Senior sergeant Donaghy has seen his fair share of impaired drivers in his career with Queensland Police, from hit and runs to drugged up offenders falling out of vehicles after being intercepted.

“We continue to see things like this on our roads, and it’s clear drivers just aren’t getting the message,” he said.

Queensland Police acting inspector Paul Algie said drugs were the cause of almost 10 per cent of road fatalities nationwide, with the impairment significantly increasing the likelihood of a crash.

“If you are driving with drugs in your system you are 10 times more likely to be responsible for a crash,” acting inspector Algie said.
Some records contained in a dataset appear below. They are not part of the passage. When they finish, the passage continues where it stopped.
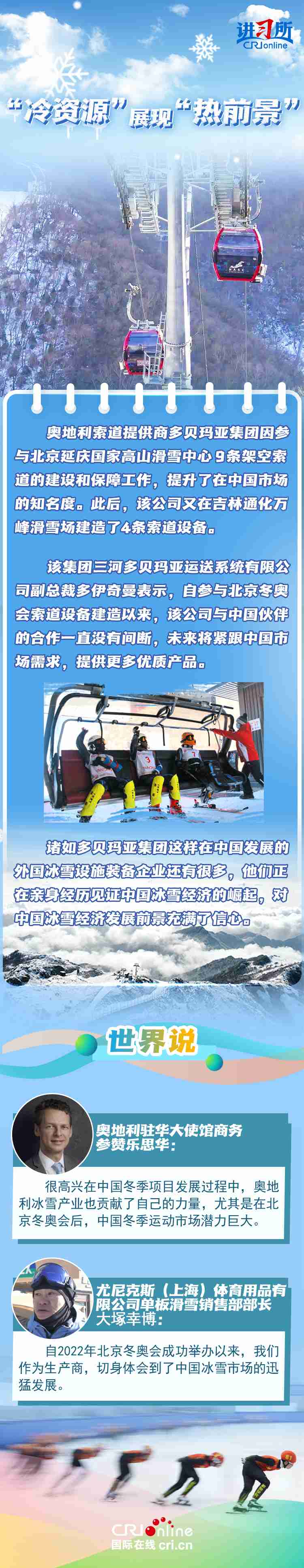 去年年底,中國國務(wù)院辦公廳印發(fā)《關(guān)于以冰雪運(yùn)動高質(zhì)量發(fā)展激發(fā)冰雪經(jīng)濟(jì)活力的若干意見》,旨在鞏固和擴(kuò)大“帶動三億人參與冰雪運(yùn)動”成果,以冰雪運(yùn)動為引領(lǐng),帶動冰雪文化、冰雪裝備、冰雪旅游全產(chǎn)業(yè)鏈發(fā)展,推動冰雪經(jīng)濟(jì)成為新增長點。不少國際組織、企業(yè)和媒體認(rèn)為,中國冰雪經(jīng)濟(jì)的蓬勃發(fā)展,不僅帶來新合作機(jī)遇,更為全球冰雪市場貢獻(xiàn)力量。
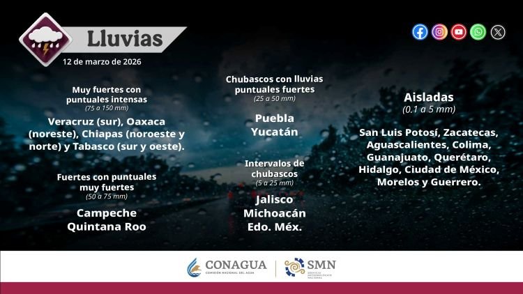 También se esperan lluvias fuertes a muy fuertes en Campeche y Quintana Roo, mientras que chubascos con lluvias fuertes podrían presentarse en Puebla y Yucatán.
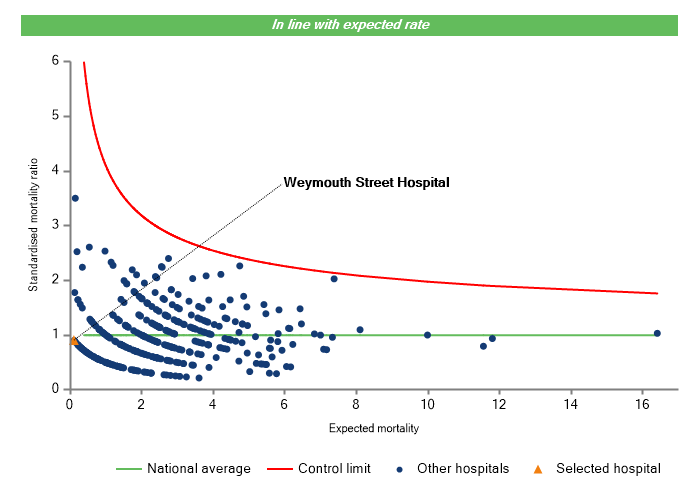 The vertical axis figures are presented as a standardised mortality ratio. This means the values do not represent percentages of patients who have died, but they represent the proportion of deaths compared to the national average. The data is also ‘risk adjusted’ to take account of the fact that different hospitals may operate on more higher-risk or lower-risk patients e.g. because of demographics in the patient population they work with.
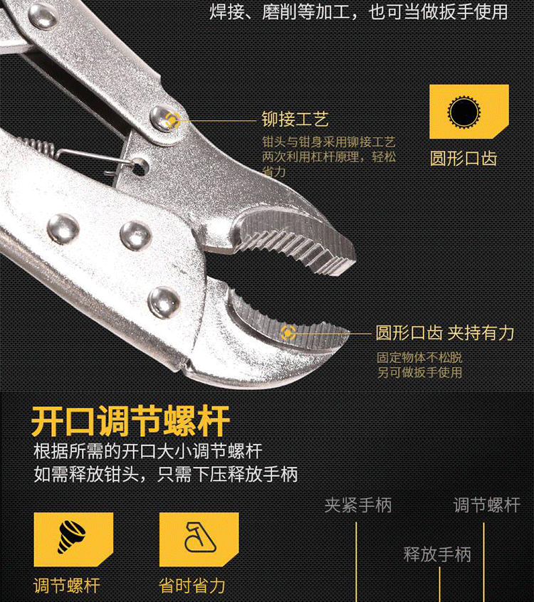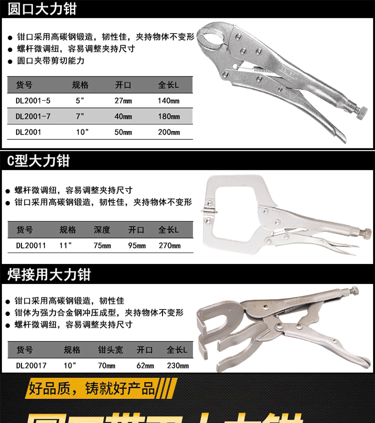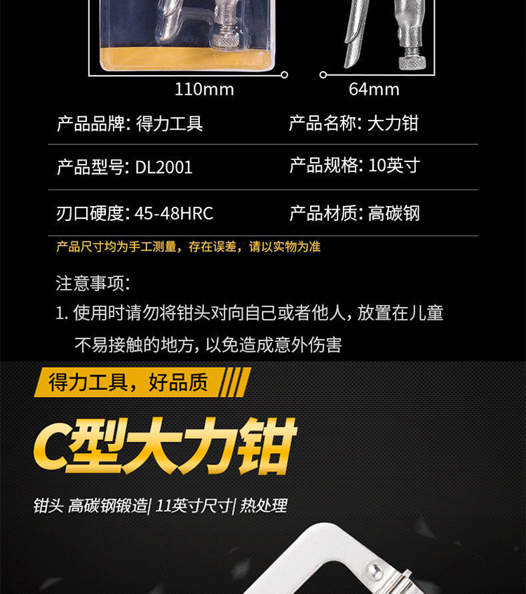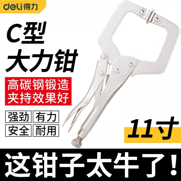 得力(deli)大力鉗固定頭 壺柄圓大力鉗 折邊折焊大力鉗 固定頭C型11寸 DL20011
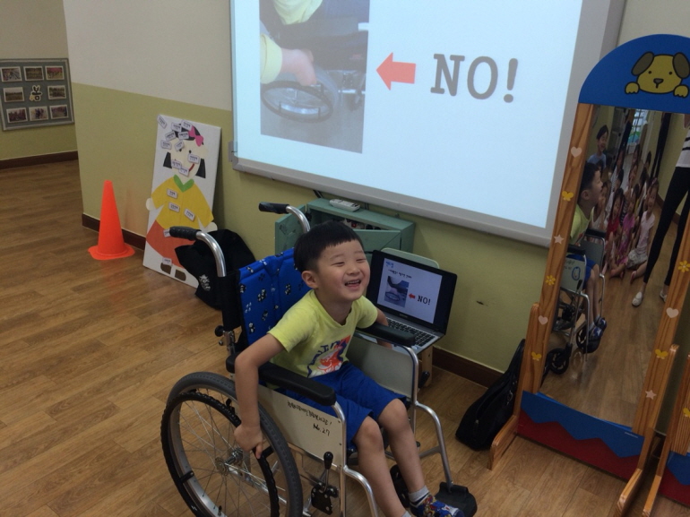 장애에 대한 일방적인 지식전달 보다는 장애에 대해 보다 편안하고 수용될 수 있는 환경조성과 이해가 필요한 시기인 만큼, 어린이집 친구들의 눈높이에 맞는 장애이해교육을 진행하고자 노력하였습니다. 캐릭터 판넬을 활용하여 친구들이 부위별 장애유형을 학습한 뒤 직접 앞으로 나와 해당 부위의 장애유형 스티커를 붙여보도록 하였습니다. 또한, 장애유형에 대한 이해교육이 마무리 된 후 휠체어의 기능과 사용법에 대한 교육 후 직접 휠체어를 타보는 체험도 함께 진행하였습니다.
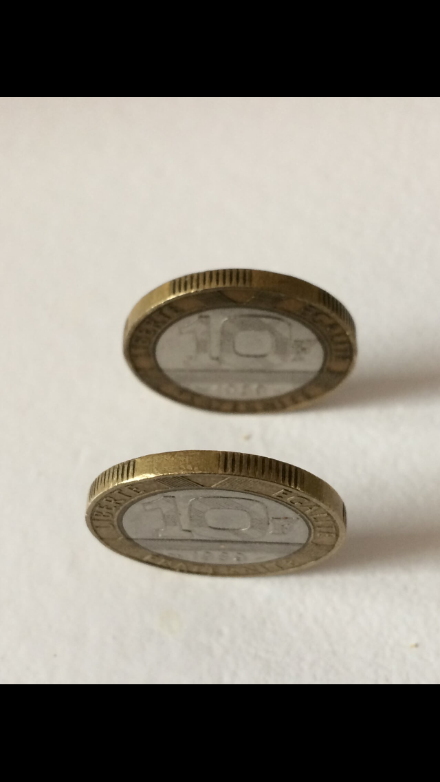 10 francs 13 cannelures (2 pièces) lorsque on met les pièces superposer l’image en face ,on obtient une tranche opposée .
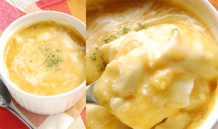 ズボラなわたしが勝手に師と仰ぐ「てぬき料理研究家」のてぬキッチンさんが、YouTubeで斬新な豆腐料理を紹介していました。それは「コーンクリームチーズ豆腐」という料理。"てぬき"のプロ考案のレシピだけあって、材料も工程も極少。耐熱容器に豆腐、コーンクリームスープの素、コンソメ、ピザ用チーズを入れてレンチンするだけ。「めっちゃおいしいから絶対試してみて!」と師匠に言われたら、もちろん作ります(笑)。
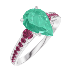 Pierścionek Białe złoto 750 - Szmaragd Gruszka 1 karat - Kamienie boczne Rubin - Oprawa Rubin
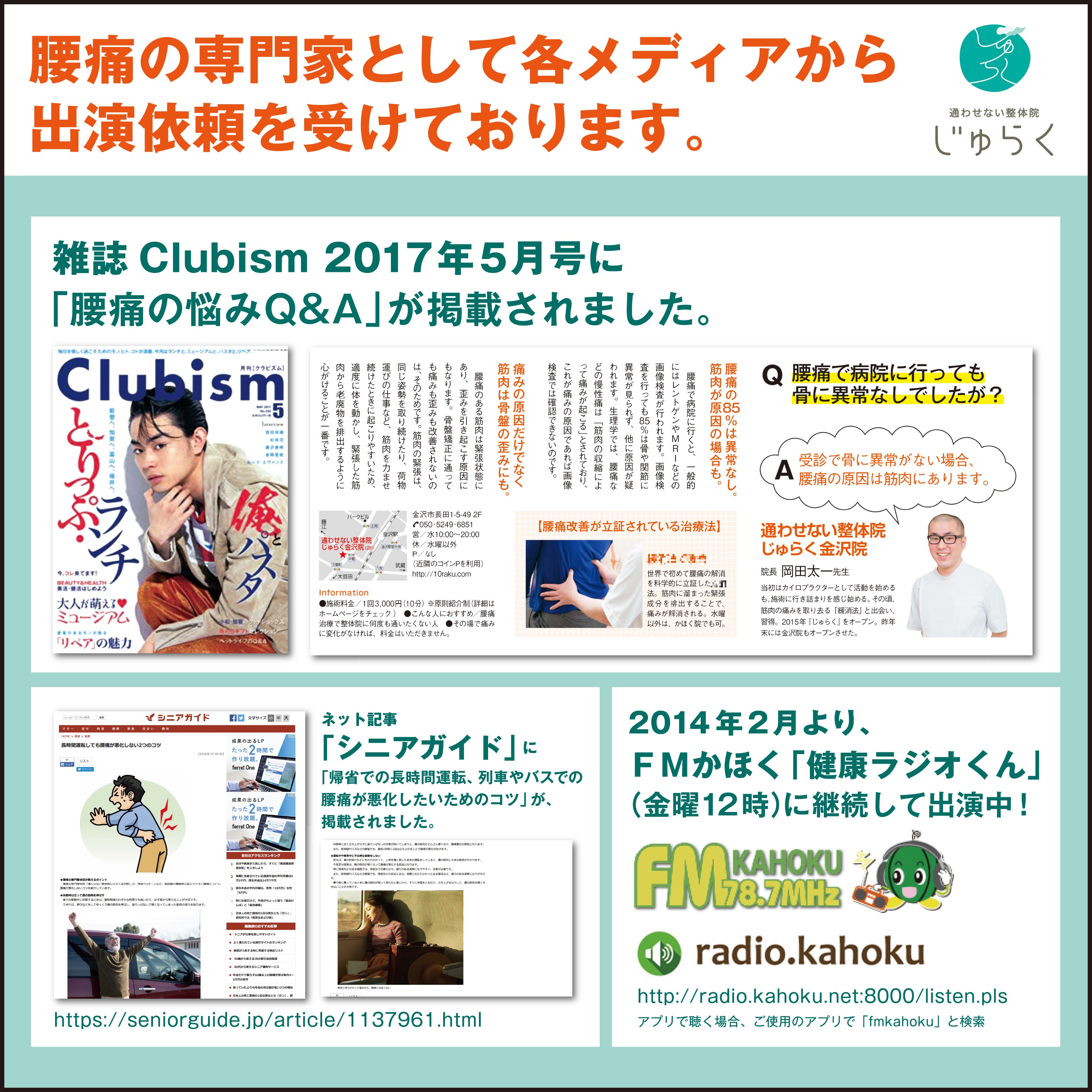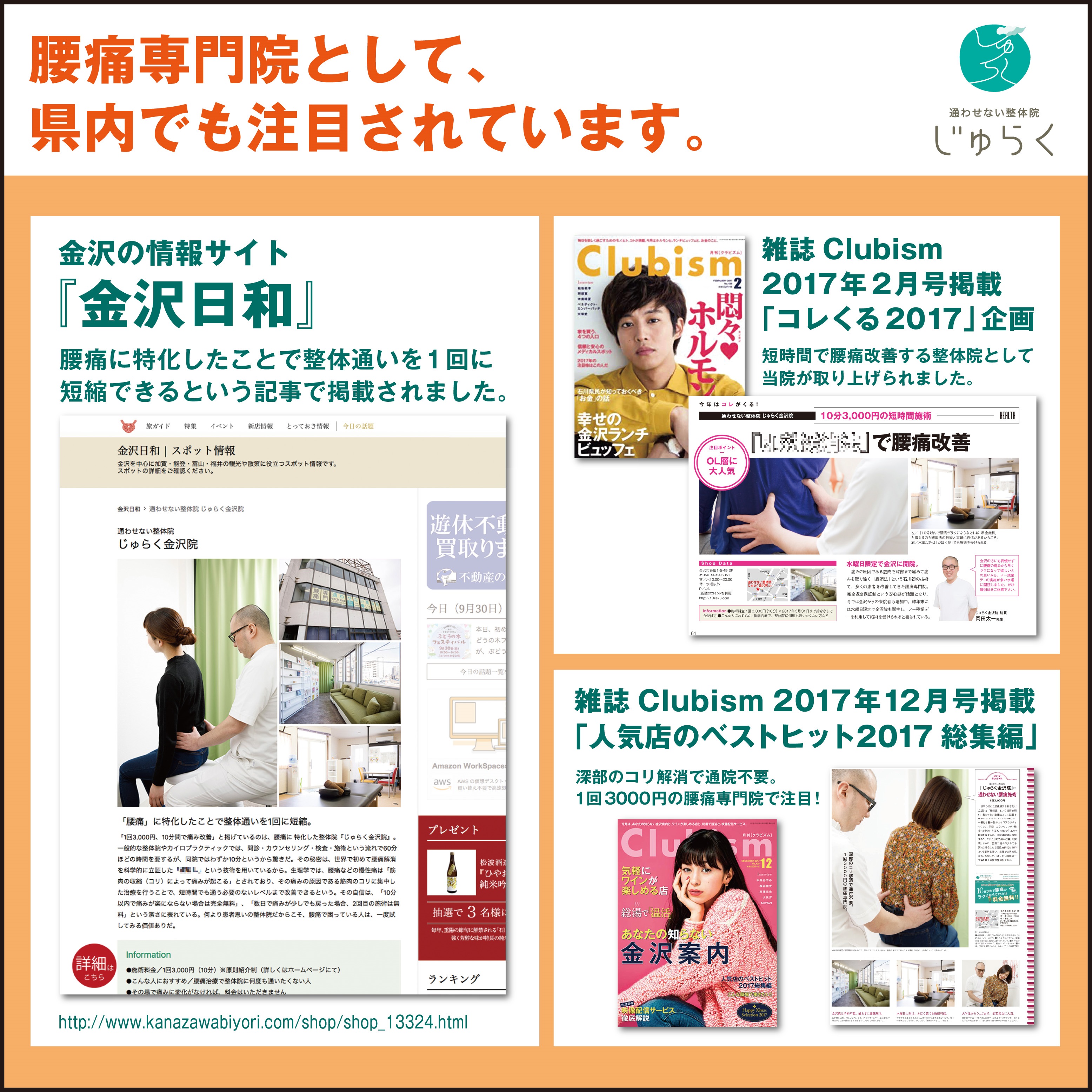 金沢情報で、じゅらくの掲載記事を見つけて、「あの時はツラかったな」と腰痛を乗り越えた自分に誇りを感じれる

“We know all too well that these crashes have very serious consequences that can directly impact your life, and those around you.”

Acting Inspector Algie said all available officers across the state would take part in the operation.

“The message we are sending is very clear, if you are under the influence of drugs, do not get behind the wheel,” he said.

“If you are drug driving, you can expect to see us.

“Road safety is your responsibility, and every decision you make when you’re behind the wheel counts.”

Tragically, 43 lives have already been lost on Queensland roads this year.